Обратившись к ранним статьям Сухотина мы увидели тот факт, что проблема «плотности знания» важна тем, что параллельно со вполне традиционными терминологическими рядами («логическая форма», «представление», «упрощение», «понятие», «теория», «сокращение») у Сухотина работает вполне самобытные текстуальные (а следовательно, и образно-конфигуративные) ряды терминов: «плотность», «емкость», «уплотнение», «сворачивание», «концентрация», «узловой характер», «узелковый пункт» - этот дополнительный ряд терминов образует специфический именно для мышления Сухотина ассоциативный и образный ландшафт бытования и реализации классических концептов. Выявляя и анализируя этот параллельный горизонт, можно выследить суть того, как автор мыслит уже сложившиеся связи устоявшихся терминов и как он вдыхает в них новый смысл. Так на место сухой «аббревиатуры» и краткого «сокращения» приходит уплотненное и сконцентрированное, стянутое к центру и углубленное знание. Процесс концентрации и сокращения знания Сухотин мыслит уникальным образом, благодаря соседству таких выявленных кофигураций, ядро которых мы именовали «инсайтом». Ядро таких конфигураций (уплотнение, узел, стягивание) затем влияет на концептуализацию содержательных рядов, которые стоят за вполне классическими иерархическими схемами: представление-определение-понятие-теория. Именно такие образные конструкты составляют мир уникального мышления философа, представляют возможным проникнуть в его строй мысли и сделать очевидным тот образ проблемы, который заново проясняет мотивацию движения той или
иной концептуализации (в том числе критика позитивизма, работа с творчеством и парадоксом, эстетизация экономного знания и понятия, ряд других аспектов).

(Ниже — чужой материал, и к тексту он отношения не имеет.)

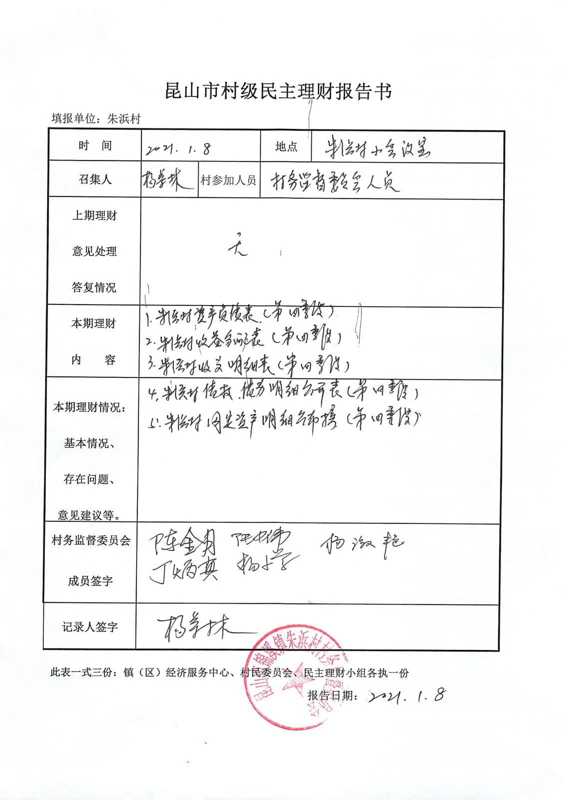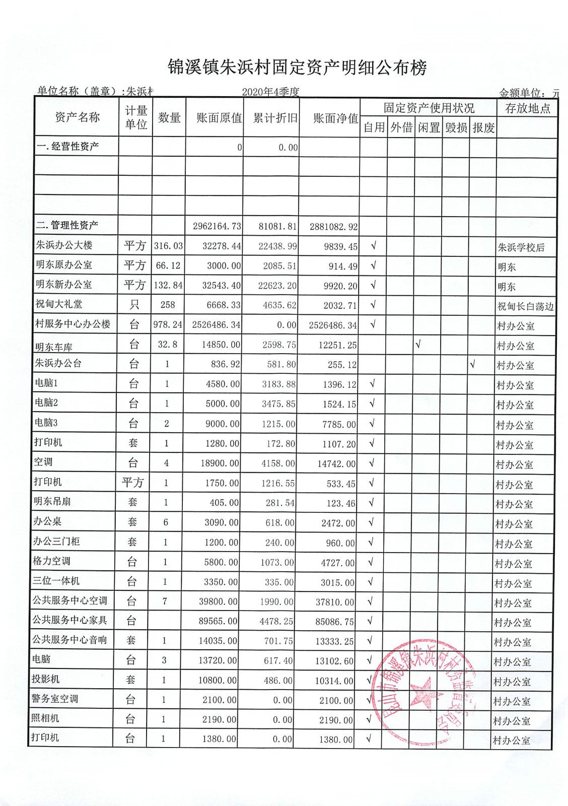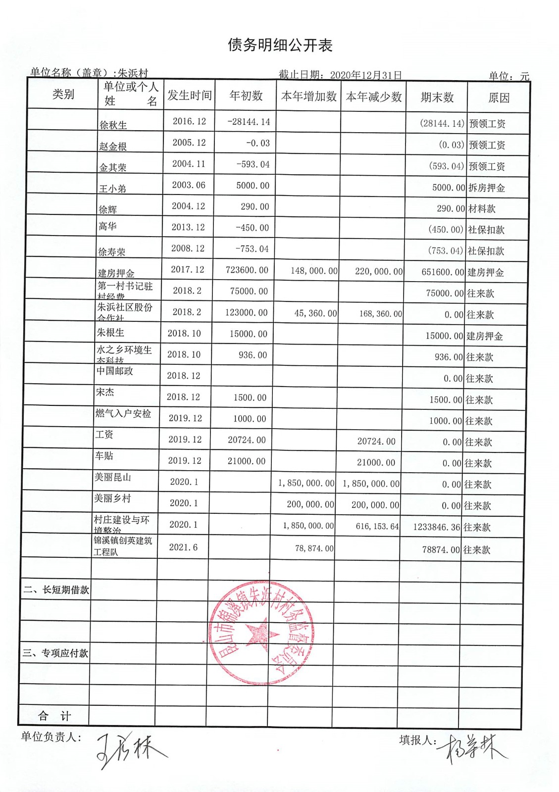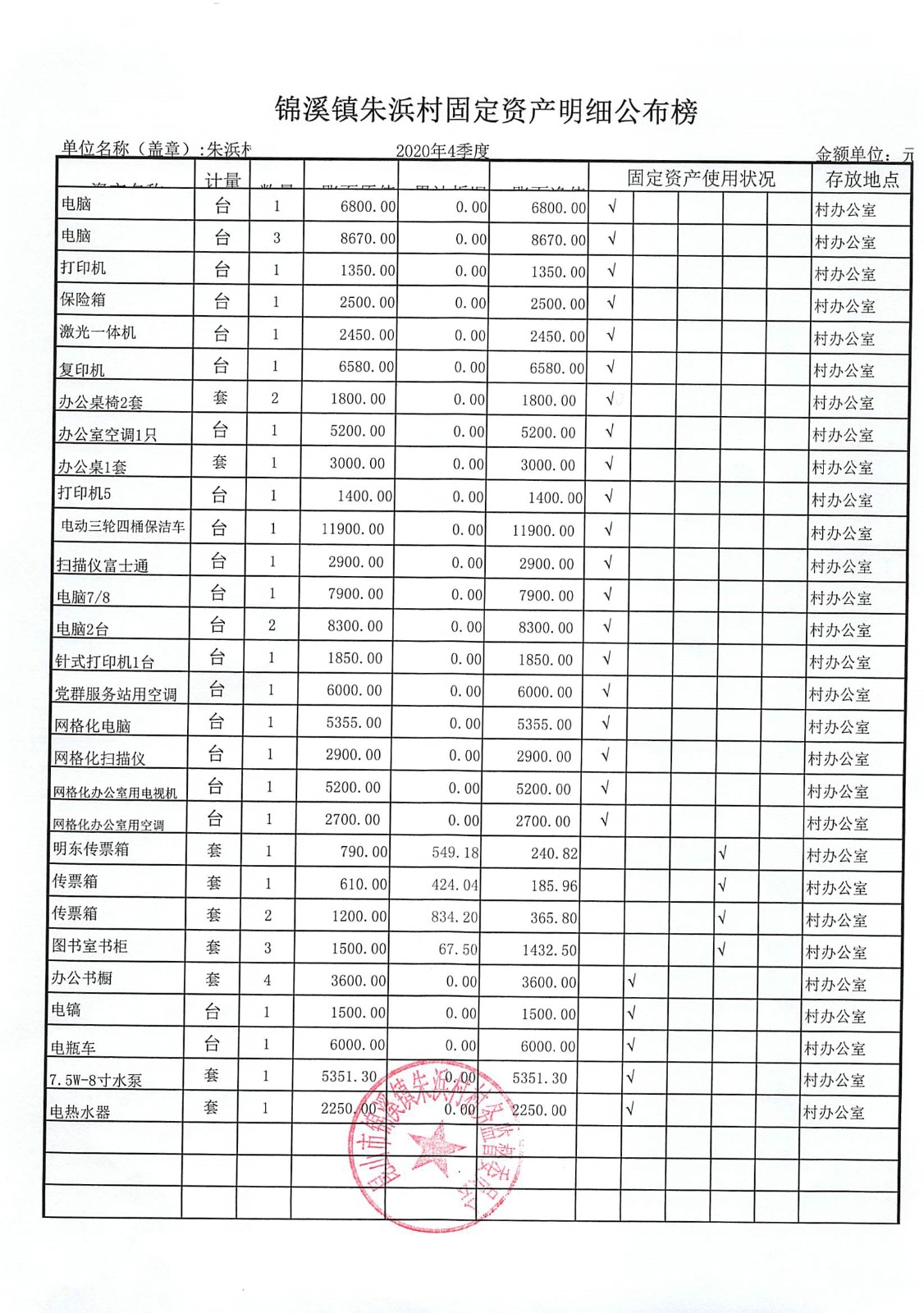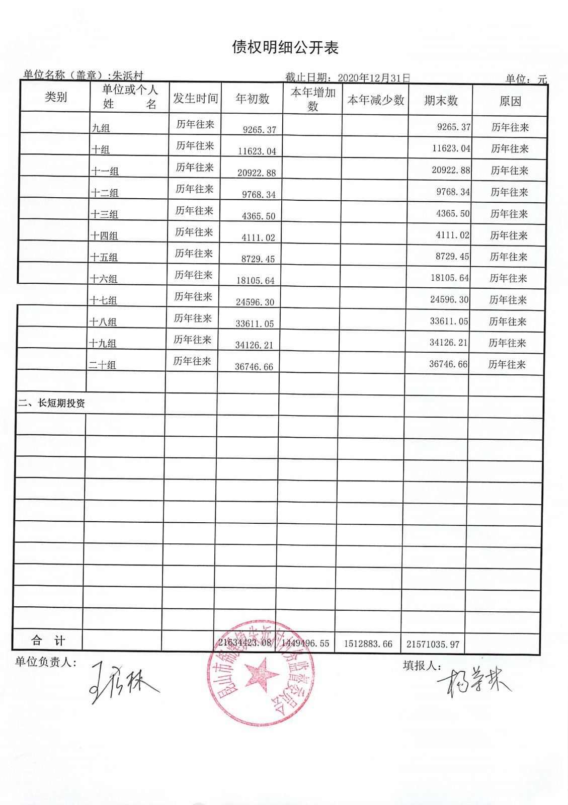 2020年朱浜村第四季度财务公开资料

Ученый, специалист, агент научного труда входит в уже сформировавшийся в сообществе словарь терминов и должен его использовать, но по сути это просто перестановка уже известных слов, делающее его речь понятной в целевом сообществе. Здесь этот деятель или агент не добавляет ничего нового, с новизной мы сталкиваемся только на уровне «инсайта» - группировки образных, фигуративных конструктов, которые не могут быть напрямую выведены в язык целевого сообщества. Вместе с тем именно это ядро конструктов определяет смысловое содержание, которое деятель вкладывает и желает транспонировать в язык сообщества. Часть конструктивного ядра в виде особенных терминов, в виде частных примеров переносится в референтный язык сообщества. У Сухотина это «уплотнение» и «узел» и все синонимические ряды, связанные с этими конструктами. Не учитывать этот ряд терминов и это инсайтное ядро, значит пустить по боку сам смысл и вклад деятеля в сообщество. Надо заметить, что и референтный язык сообщества не нейтрален, он воздействует на агента, форматирует его способ высказывания и тонкость. Политика работы агента дискурса, а в конце концов и успешность его предприятия по перебросу инсайта в референтный дискурс, есть умение выстроить переход между образным содержательным ядром и языком референтной группы, внести туда свой инсайт с минимальными потерями и наибольшей ясностью. Бывает, что текст слишком гладок, он составлен только из имевшихся ранее связок в референтном дискурсе, такой текст при всей его гладкости не добавляет ничего нового, не на чем остановить взгляд, после него не остается осадка. Успешность предприятия по переводу инсайта и новеллированию в референтном языке определяет вклад актора в дискурс и историю проблемы. Второй аспект этого предприятия - это осадочный эффект от перевода, что остается в результате от вклада? Как показывает опыт исследования этого частного случая проблематизации компактных структур знания у Сухотина, от вклада остаются именно те понятийные и связочные новеллы - новые понятия и связи терминов «узелковое знание», преодоленные «негативные узлы», «уплотненное знание», «емкость знания» и др. - те вкрапления в рефентный дискурс, которые удалось отстоять и которые перестянули на себя имевшуюся ранее картинку представления проблемы. Ланшафт представления проблемы изменился а, следовательно, имя агента, те конфигурации «стягивания», «уплотнения», «узелковости» уже становятся брендами - единицами высказывания, легитимизированными в языке сообщества.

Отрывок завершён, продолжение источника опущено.